-- DATASET EXCERPTS follows --

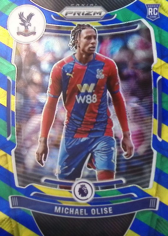 The Michael Olise 2021 Prizm Premier League #296 Choice Blue Yellow Green Rookie card in Raw condition has not changed in price in the last 30 days and was last sold for $6.95 .
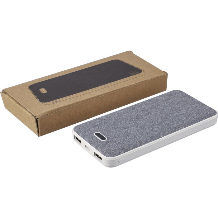Recycled plastic and rPET power bank with 10,000 mAh capacity, dual USB and Type-C ports, charging display and rPET logo on top. Individually packaged in a brown cardboard box.
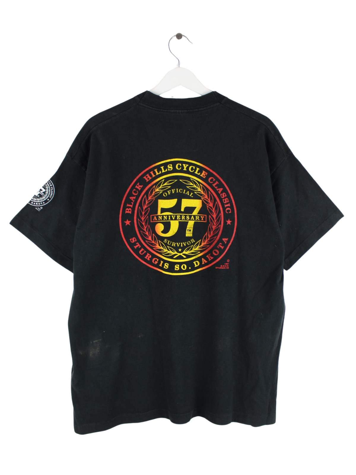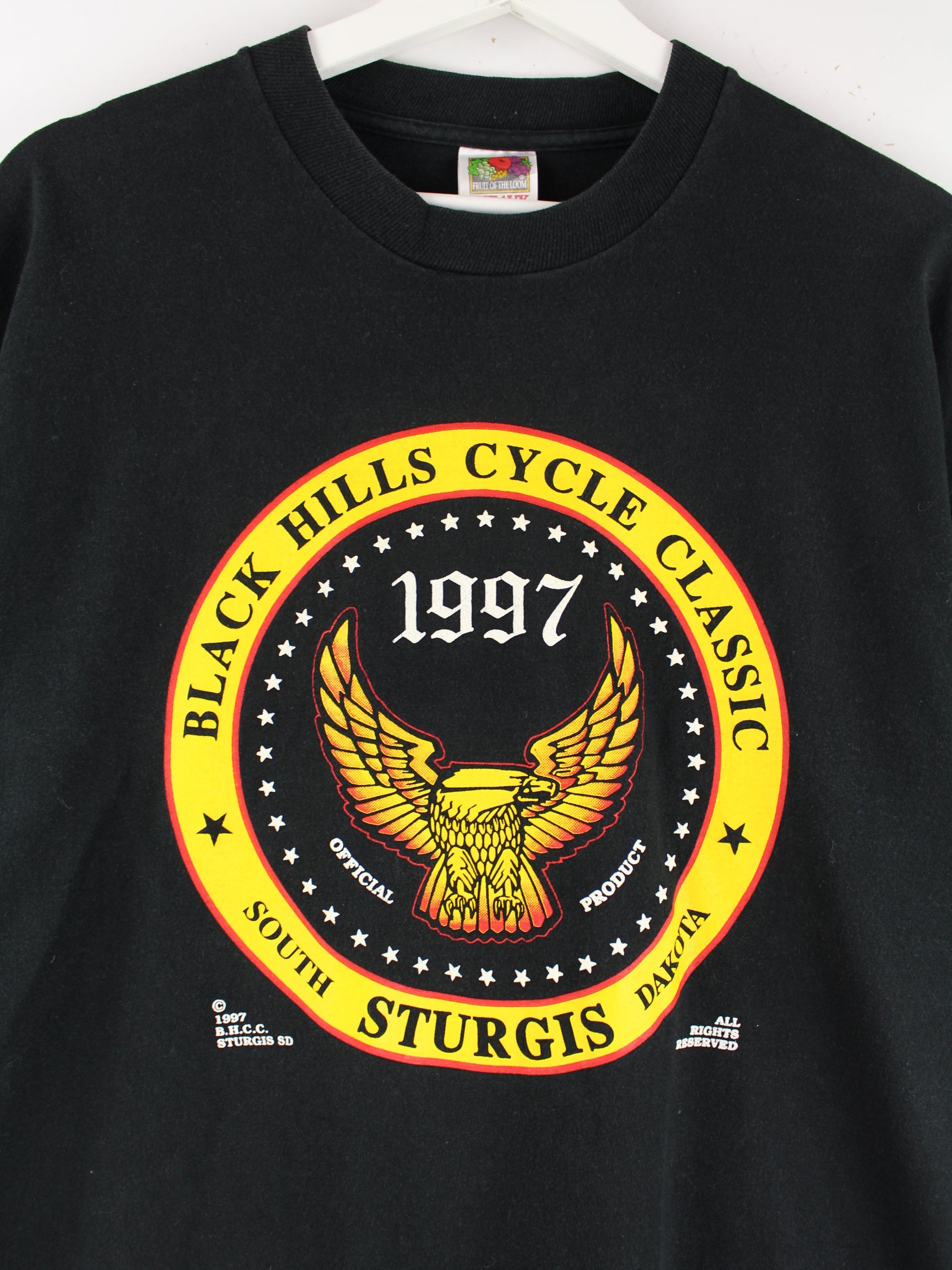 Fruit of the Loom 1997 Vintage Sturgies Dakota Print Single Stitch T-Shirt Schwarz XL
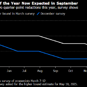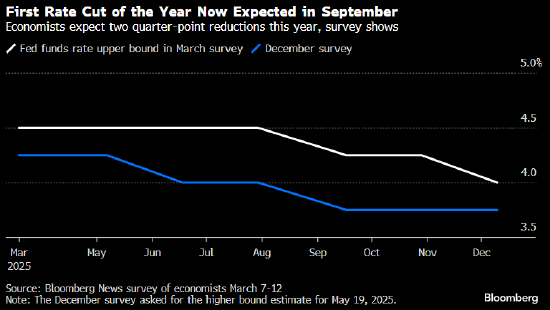 根据预测中值,经济学家认为降息分别在9月和12月。在去年12月的调查中,经济学家预测2025年将有三次降息,首次发生在3月。
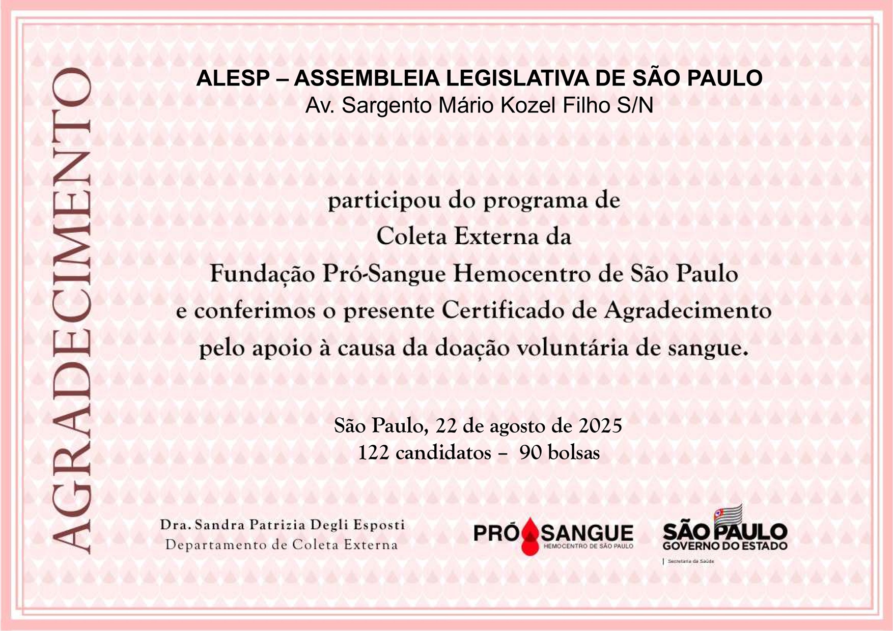 Agradecemos imensamente a valiosa contribuição de todos na Campanha de Doação de Sangue realizada na Alesp, no último dia da Semana da Saúde, em 22 de agosto.
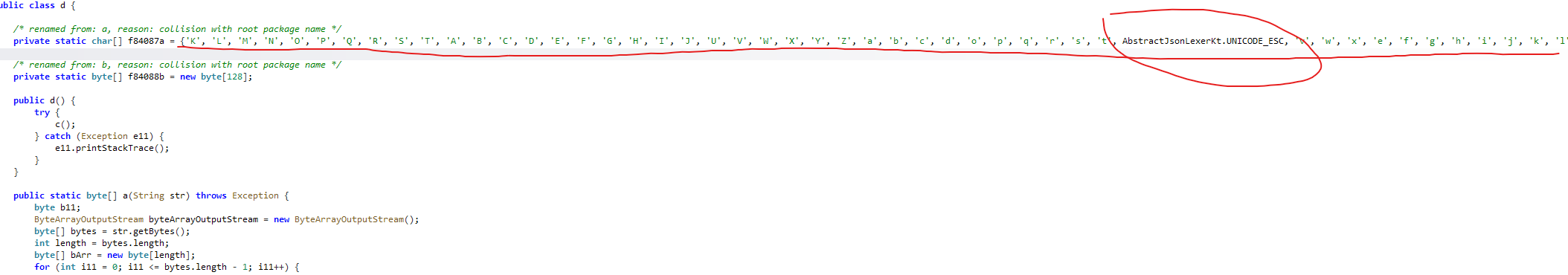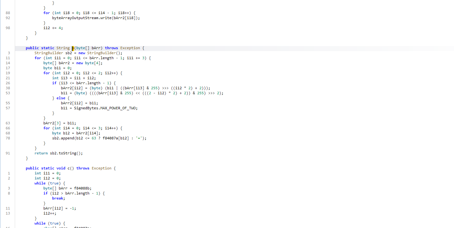 3调用工具类d的静态方法b(),对字节数组执行「自定义的 MODIFIED_BASE64 编码」
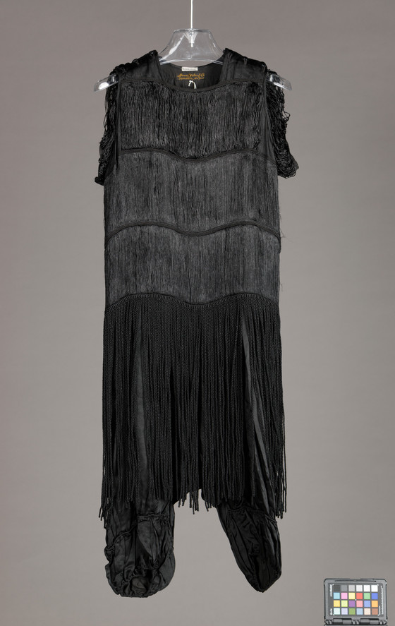 Silk satin, with silk fringe trim and plastic buttons
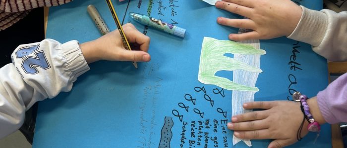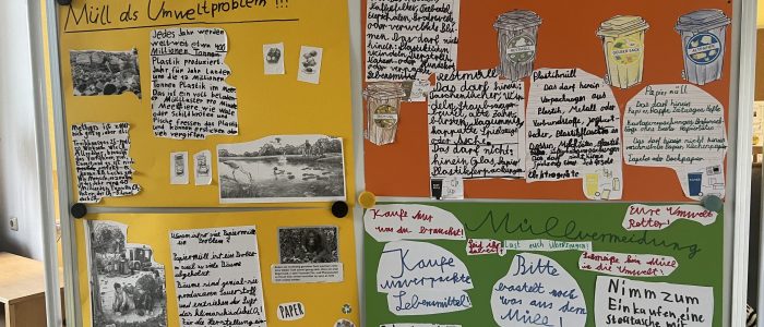 Mehrere Gruppen gestalteten anschauliche Plakate rund um das Thema Müll. Sie informierten über Plastikmüll im Meer, erklärten, wie Müll richtig getrennt wird, und zeigten Alternativen zur Müllvermeidung, zum Beispiel durch Wiederverwenden und Upcycling. Die Plakate machten deutlich, wie wichtig es ist, bewusst mit unseren Ressourcen umzugehen.

-- DATASET EXCERPTS concluded --

**WORK REQUEST**
Write out again exactly the lines above from the one with "3调用工具类d的静态方法b(),对字节数组执行「自定义的 MODIFIED_BASE64 编码」" through the one with "Silk satin, with", adding no other lines and no pictures.

**SOLUTION TO THE PROBLEM**
 3调用工具类d的静态方法b(),对字节数组执行「自定义的 MODIFIED_BASE64 编码」
 Silk satin, with silk fringe trim and plastic buttons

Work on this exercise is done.